Wall Street is seeing a mass rotation from high-growth technology stocks into value stocks this week, leaving technology investors to wonder whether the sector is experiencing a short-term correction or something more sinister. At this point, the market move seems to be more about valuation concerns rather than underlying business weakness. The downturn in the technology sector began a week ago when Goldman Sachs analyst Robert Boroujerdi said outperformance by a handful of mega-cap technology stocks created a "valuation air pocket" in the market.Boroujerdi singled out five stocks – Facebook (FB), Apple (AAPL), Amazon.com (AMZN), Microsoft Corp. (MSFT) and Alphabet (GOOG, GOOGL). Together, these companies have delivered a major portion of the market growth over the past eight years. Incredibly, the five companies collectively account for nearly 13 percent of the weighting of the entire Standard and Poor's 500 index.

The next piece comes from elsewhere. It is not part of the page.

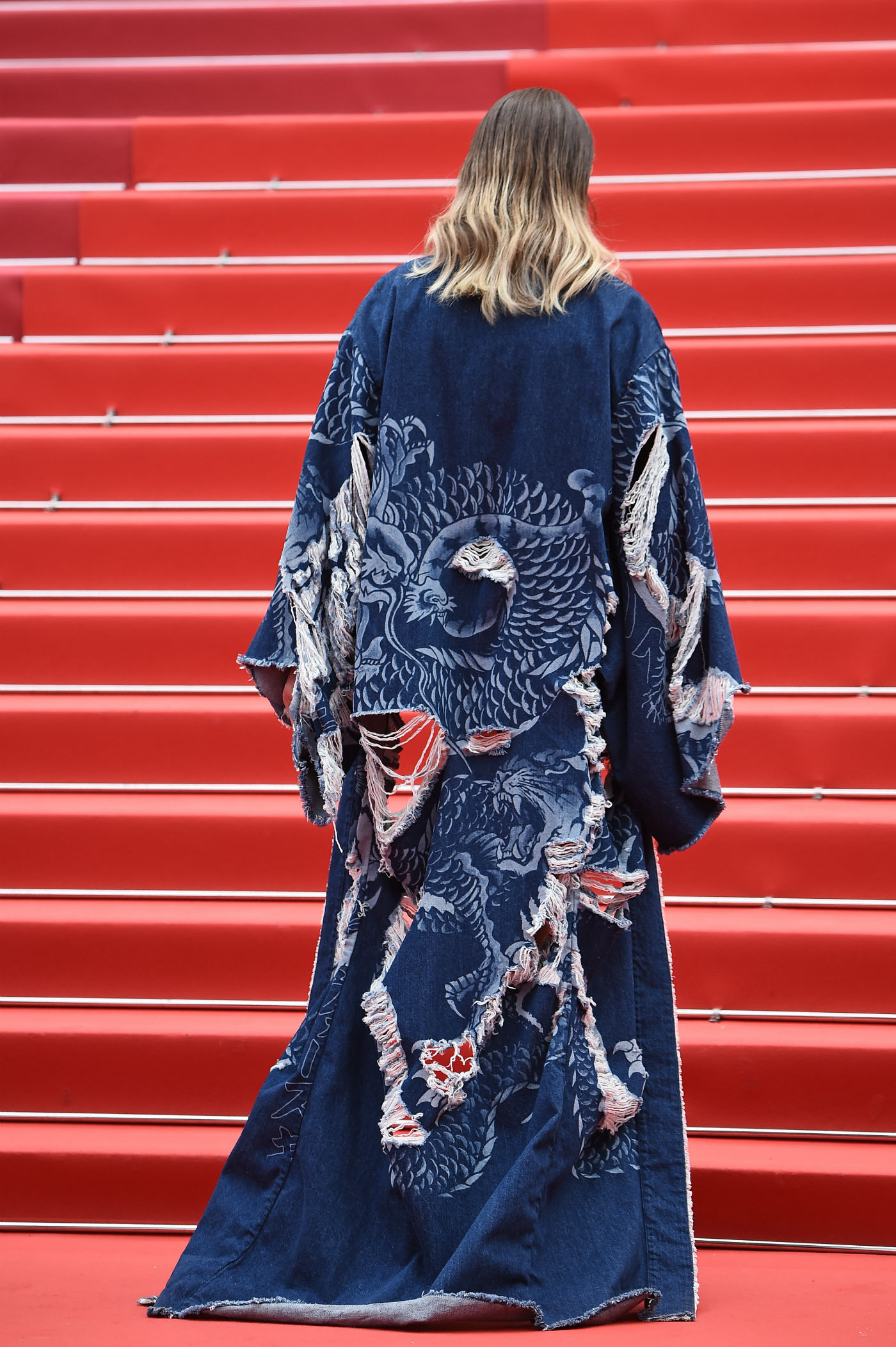 A produção entrou, com certeza, para a triagem dos melhores looks de Cannes 2019 e atraiu olhares especialmente por conta de uma capa em jeans destroyed pra lá de moderna. Confira:
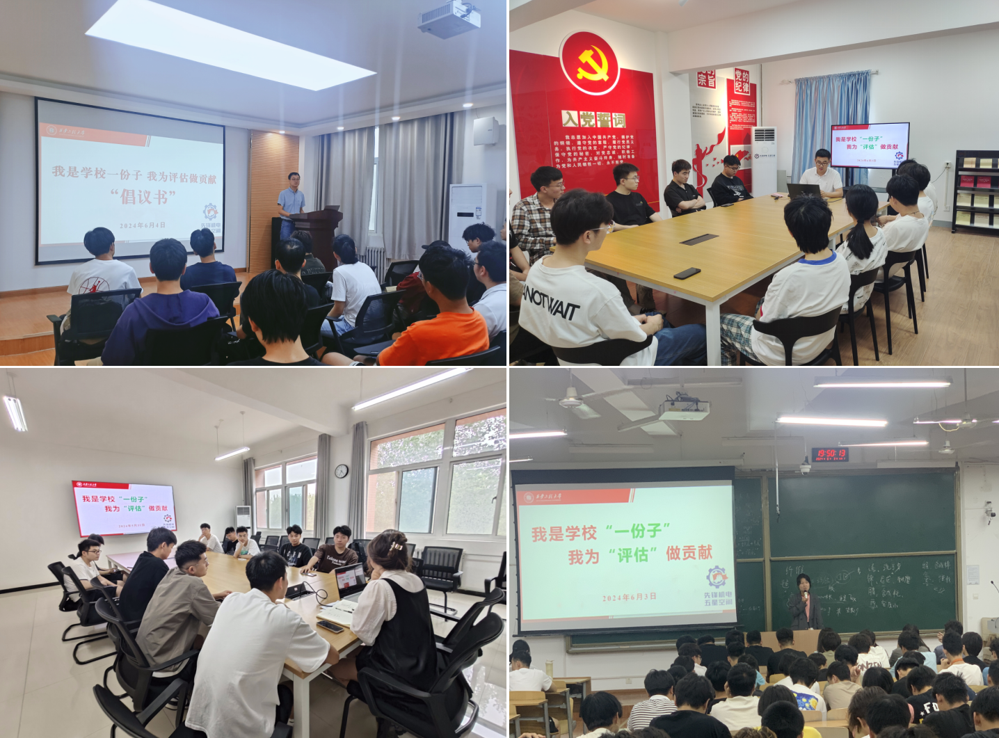 分层级领学,深学细研应知应会。5月28日,学院通过“XPU先锋机电”公众号发布了《关于“我是学校一份子 我为评估做贡献”的倡议书》,号召全体学生积极参与到学校各项迎评工作中,努力展示机电学子风采。5月28日-6月4日,学院各年级辅导员分层级通过年级大会、舍长大会、主题班会、班团例会等形式对《西安工程大学审核评估应知应会》进行了原文学习,全体学生认识到本科教育教学审核评估的背景、目的和重要性,明白了评估工作与学生息息相关,要以主人翁的姿态、用新时代青年的实际行动为教育教学审核评估工作争光添彩。

In the week since Boroujerdi's note, all five stocks are down between 2.6 and 7.1 percent and have weighed on the overall market. The Nasdaq composite index is now down 2.5 percent, while the Dow Jones industrial average is up 0.6 percent in the past five trading sessions. At the same time, popular value stocks such as General Electric Co. (GE), Johnson & Johnson (JNJ) and Wal-Mart Stores (WMT) have been among the top performers in the S&P 500. Keith Lerner, chief market strategist at SunTrust, says growth investors should stay the course for now.

"We are not advising a style tilt at this point," Lerner says. "On a short-term basis, value's underperformance is moving to an extreme and due for a reprieve."

Other analysts believe mega-cap tech stocks may have finally exhausted their positive momentum.

Canaccord Genuity analyst Michael Graham says Facebook, Amazon, Netflix (NFLX) and Google's share prices have risen too far too fast.

"We believe simply that these four stocks represent a large portion of the growth opportunities within large cap tech, and six months ago all the valuations were quite reasonable," Graham says. "We still largely believe in the growth, but the valuations are a bit less obvious."